Hi all,

In my opinion, I would like to consider the transcriptome as multiple QPCR. But in the actural transcriptome analysis process, there are no ck genes, like actin et al. So I want to know how can we confirm the different treatments have a same comparison background?

Many thanks in advance.

Please improve your post, I could hardly understand what you are referring to. I guess you are referring to "Normalization"? All transcriptomic techniques, be it microarrays, qPCR or RNA-seq, need some kind of normalization, you should therefore possibly read some review papers on RNA-seq normalization, transformation and differential expression. There are some good ones in this collection: http://www.mendeley.com/groups/617481/rna-seq/

In detail, my criticism of your way to approach this topic:

In my opinion, I would like to consider the transcriptome (sic, guess its RNA-seq) as multiple QPCR.

That's a very bad model for various reasons. (Can you see the differences?)

But in the actural transcriptome analysis process, there are no ck genes, like actin et al.

Do you mean house-keeping genes?

So I want to know how can we confirm the different treatments have a same comparison background?
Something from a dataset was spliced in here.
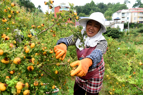 农户正在采摘刺梨。黄庆松 摄

I couldn't grasp what you mean by this, first it is better to talk about samples (not everything is a treatment), what do you mean by comparison background?

You are asking how RNA-seq data is normalized? If there isn't a house-keeping gene as a standard, like in qPCR, how do you compare various samples?

The simple answer is that with RNA-seq, we normalize our libraries by making an assumption that the majority of our genes are not differentially expressed. Given that assumption, some measure of centrality in our expression distribution can then be used as the "standard".

For example, DESeq normalizes by first constructing a comparison dataset which is just the geometric means of each gene from each sample. Then for each dataset, the median of the ratios of each gene to the comparison dataset is taken as the normalization factor. In essence, it's a way to find the centrality of the dataset. The portion of the dataset that probably isn't differentially expressed.

EdgeR's TMM method uses multiple methods to filter out extremes of the dataaset (for example the bottom 5% lowest expressed genes, top 5% highest expressed genes) and then take the mean of the left over as the standard.